The Go live button enables a trained Statistic Engine to be linked up to the novomind iAGENT system’s classification process. The word LIVE is displayed in red letters after the name of the Statistic Engine (Mailset) currently in use. You should avoid making modifications to the mail set for the Statistic Engine in use so that new results can always be compared directly with the previous set of results. Instead, any changes should be made using a copy of the mail set, which can be done by clicking on the Clone button. This enables Statistic Engines to be constantly improved without losing any earlier versions in the process.

Evaluation Result

After a Statistic Engine has been generated, the evaluation mails are used to check whether the it is working effectively or not. The Statistic Engine classifies the evaluation mails and displays the actual results alongside the expected category classifications. The expected classification is the category allocated to a mail by the mail set.

The Evaluation Result dialogue displays the evaluation results for a Statistic Engine (Mailset). The area on top contains results relating to the overall classification of the evaluation mails. The area below lists the classification results alongside the relevant categories.

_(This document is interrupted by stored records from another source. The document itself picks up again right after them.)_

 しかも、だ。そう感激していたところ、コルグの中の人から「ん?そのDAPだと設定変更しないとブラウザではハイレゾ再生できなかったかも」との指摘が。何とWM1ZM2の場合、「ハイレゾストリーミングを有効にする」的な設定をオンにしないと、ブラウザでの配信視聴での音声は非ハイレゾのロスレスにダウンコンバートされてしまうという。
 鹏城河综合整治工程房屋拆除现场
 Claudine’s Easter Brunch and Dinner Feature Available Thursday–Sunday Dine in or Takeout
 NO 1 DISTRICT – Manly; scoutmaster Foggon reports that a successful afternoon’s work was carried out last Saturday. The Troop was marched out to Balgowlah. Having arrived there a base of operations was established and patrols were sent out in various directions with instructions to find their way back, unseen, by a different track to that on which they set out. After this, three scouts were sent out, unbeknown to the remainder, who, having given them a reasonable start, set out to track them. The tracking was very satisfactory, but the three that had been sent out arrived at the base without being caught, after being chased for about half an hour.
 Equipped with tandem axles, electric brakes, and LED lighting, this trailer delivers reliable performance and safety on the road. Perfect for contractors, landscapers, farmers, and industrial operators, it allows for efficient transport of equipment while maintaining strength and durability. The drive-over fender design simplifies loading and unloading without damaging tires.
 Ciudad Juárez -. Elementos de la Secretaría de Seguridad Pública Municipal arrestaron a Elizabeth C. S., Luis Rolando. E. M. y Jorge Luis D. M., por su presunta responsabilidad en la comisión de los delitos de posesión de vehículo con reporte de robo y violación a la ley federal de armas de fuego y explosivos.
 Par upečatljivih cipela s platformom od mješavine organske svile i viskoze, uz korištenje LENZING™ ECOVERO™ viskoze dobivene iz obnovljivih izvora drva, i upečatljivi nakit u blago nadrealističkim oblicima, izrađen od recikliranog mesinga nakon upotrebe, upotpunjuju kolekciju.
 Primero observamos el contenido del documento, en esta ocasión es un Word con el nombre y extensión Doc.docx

Tool tips provide additional information about the figures listed in a particular column. To view the relevant tool tip, hold the mouse pointer over the heading of the column for which you need further information.

The various columns in the top table (headed Overall) contains the following information:

  • Correct:
    The number of mails which were allocated the correct category by the Statistic Engine.
  • Incorrect:
    The number of mails which were allocated the wrong category by the Statistic Engine.
  • RecRate (recognition rate):
    Percentage of evaluation mails that were correctly categorized.
  • Ø Rec (average weighted return rate):
    Average categories returned, weighted according to the number of mails expected.
  • Ø Prec (average weighted precision rate):
    Average precision, weighted according to the number of mails expected.
  • Ø Conf (average weighted confidence rate):
    Average confidence rate for the categories, weighted according to the number of mails expected.

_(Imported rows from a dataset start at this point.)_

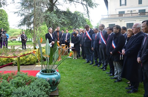 | Une délégation vietnamienne et des amis français visitent l’espace dédié à la mémoire de Hô Chi Minh au parc Montreau. |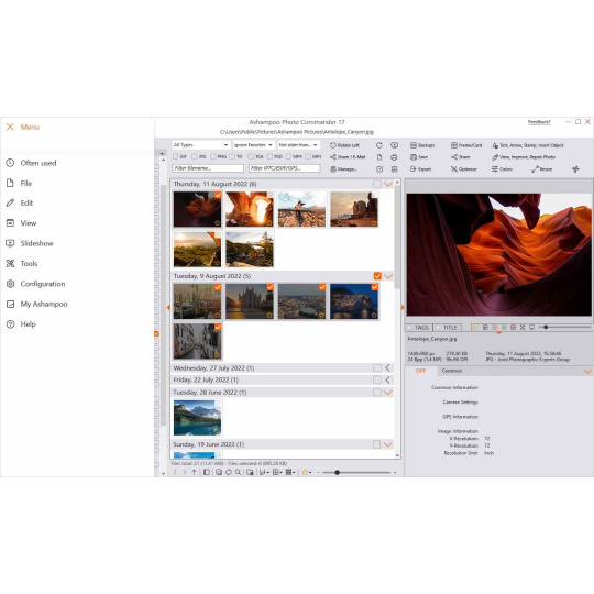 Ashampoo Photo Commander je nielen kompatibilný so systémom Windows 11, ale bol tiež úplne prepracovaný pre skutočnú natívnu 64-bitovú podporu a optimálnu správu pamäte. Je to doteraz najlepšie vyzerajúci, najrýchlejší a najstabilnejší Photo Commander. Či už upravujete jednotlivé snímky alebo celé knižnice, rozdiel pocítite okamžite!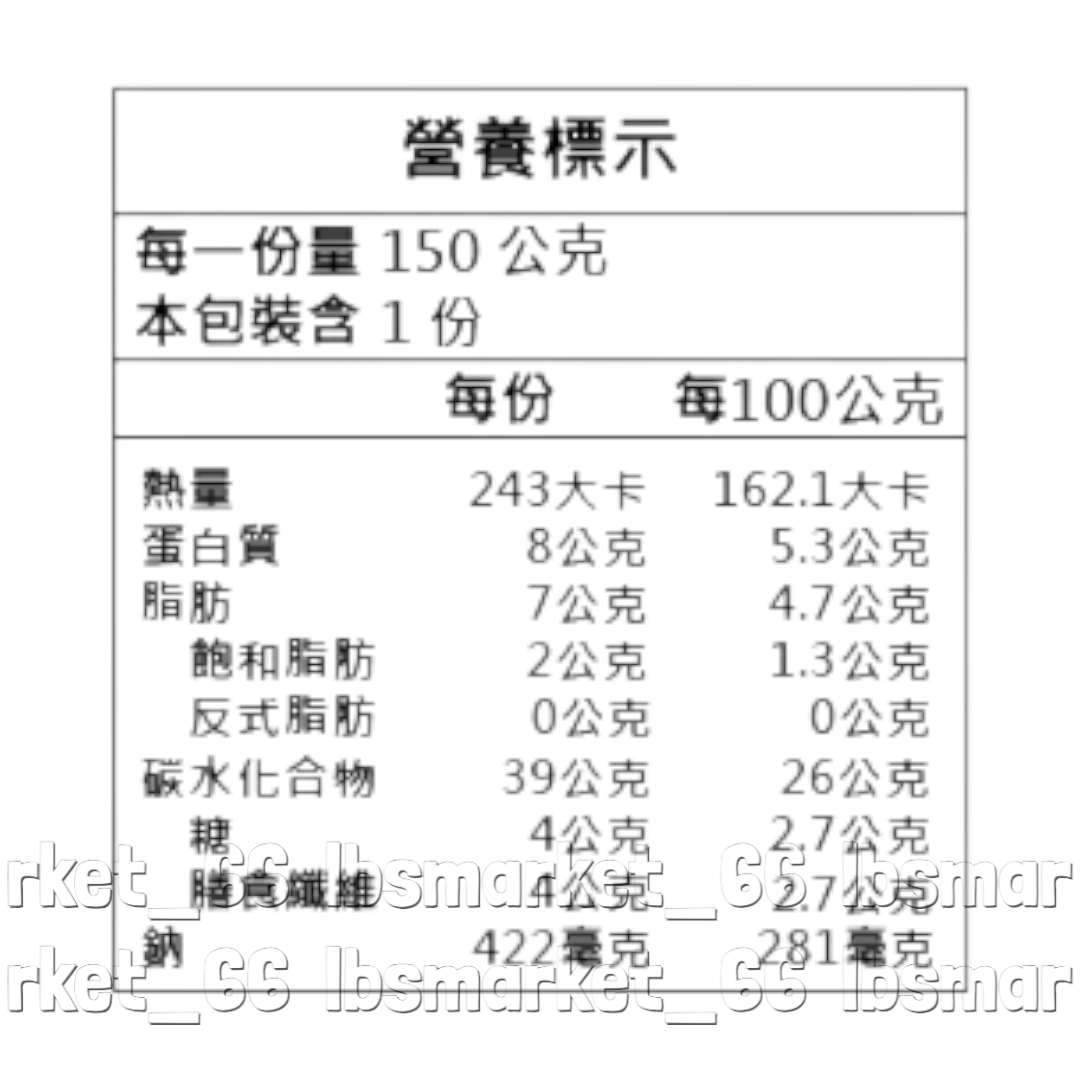 藜麥、玉米、水、鷹嘴豆、玄米油、甜椒、大蒜、糖、鹽、醬油(大豆、水、鹽、糖)、雞粉、酵母萃取物、香料。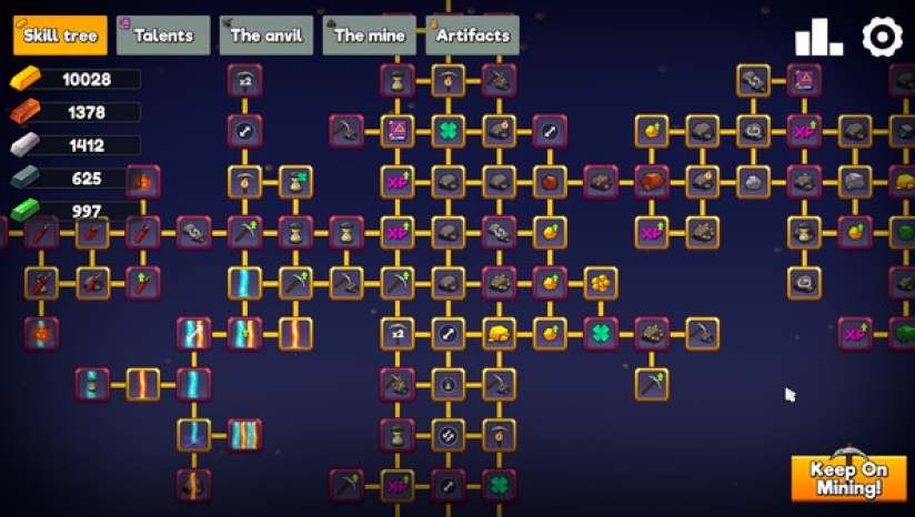 技能树!使用材料金属条在技能树中解锁升级。这些升级可永久提升属性,让你更有力地开采岩石!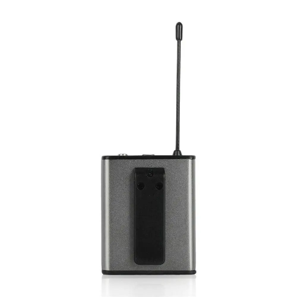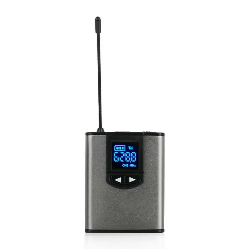 La pantalla LCD del transmisor Bodypack le muestra la frecuencia, el volumen del micrófono y el nivel de la batería.Cambiar el volumen y la frecuencia del micrófono desde el transmisor Bodypack es fácil.Tanto el transmisor Bodypack como el mini receptor portátil funcionan con baterías recargables.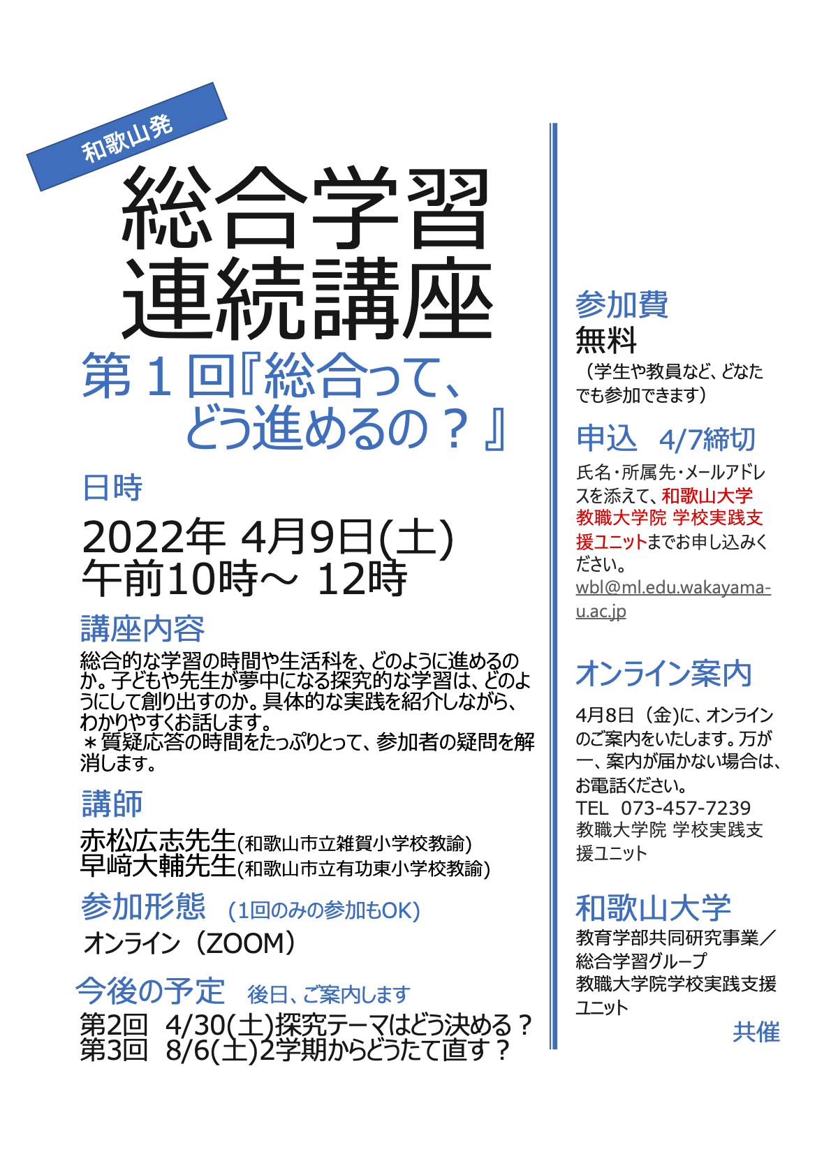 TEL 073-457-7239(和歌山大学教職大学院学校実践支援ユニット、田中)

The columns in the “Details” table below contain the following information:

  • Exp (expected):
    The number of mails expected. Is equivalent to the number of evaluation mails for this particular category.
  • Act (actual):
    Number of evaluation mails that were actually allocated to this category.
  • Cor (correct):
    Number of evaluation mails correctly allocated to this category.
  • Incor (incorrect):
    Number of evaluation mails that were incorrectly allocated to this category.
  • Mis (missing):
    Number of evaluation mails that should have been allocated to this category but were allocated to a different category instead.
  • Rec (return):
    Relationship between the number of mails expected for this category (Exp) and the number of evaluation mails that were correctly classified (Cor), in percent.
  • Prec (precision):
    Relationship between the evaluation mails actually allocated to this category (Act) and the number of evaluation mails correctly allocated to it (Cor), in percent.
  • Conf (confidence):
    The confidence rate for this category, based on its return and precision ratings using the following formula: 2 * return rate * precision rate / (return rate + precision rate).

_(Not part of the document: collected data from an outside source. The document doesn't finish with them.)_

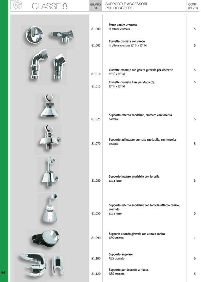 Curvette cromate con ghiera girevole per doccette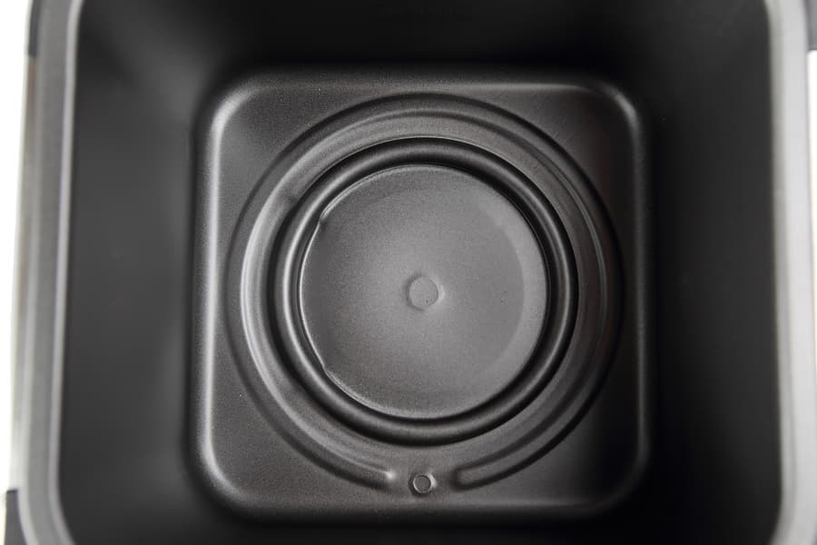 Поверхность масляной ванны обработана антипригарным покрытием. Конструкция чаши — несъемная. На краю левого дальнего угла виден небольшой вырез, облегчающий слив масла по завершении жарки. Стенки гладкие, на одной из них выбиты отметки минимального и максимального уровня масла. На дне угадывается место установки нагревательного элемента.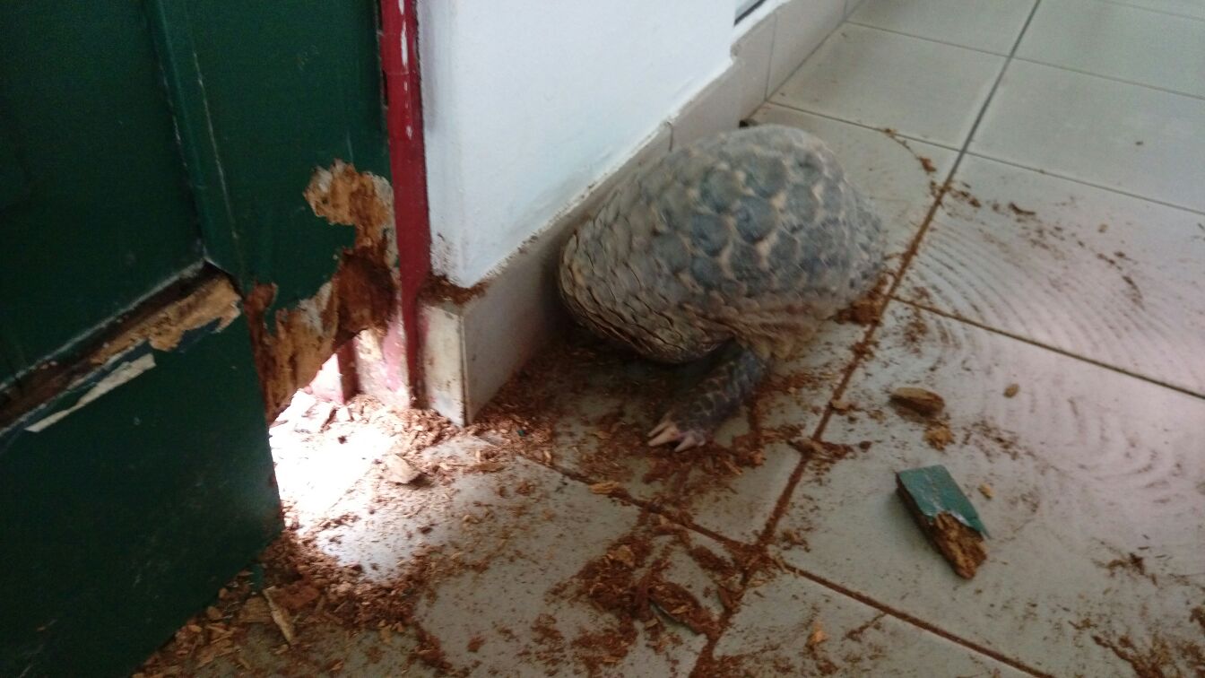 A young pangolin got lost in a common room at Hall of Residence 7. It was later rescued and sent back to the wild that day.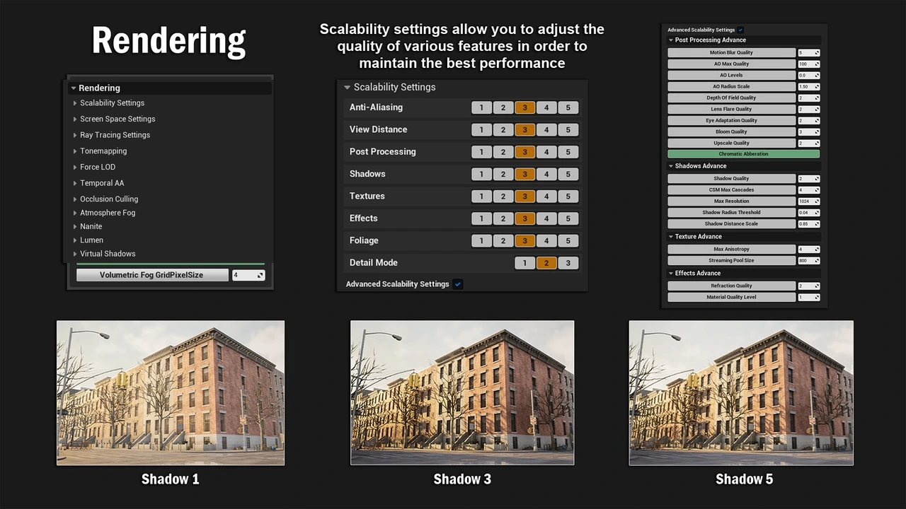 - Rendering & Lighting: Fine-tune everything from occlusion culling and virtual texturing to specific lighting components and features.

After a Statistic Engine has been trained, additional information will be displayed in the mail list. The mail IDs for mails which had been categorized incorrectly by the Statistic Engine will be displayed in red. To identify which category has been allocated incorrectly to a particular mail, simply position the cursor over the mail ID of the message in question. A tool tip will be displayed containing the name of the allocated category.

If the mail set used by a Statistic Engine is modified, the results evaluation is no longer valid. This is indicated by means of the heading out dated in the title at the top of the evaluation results page.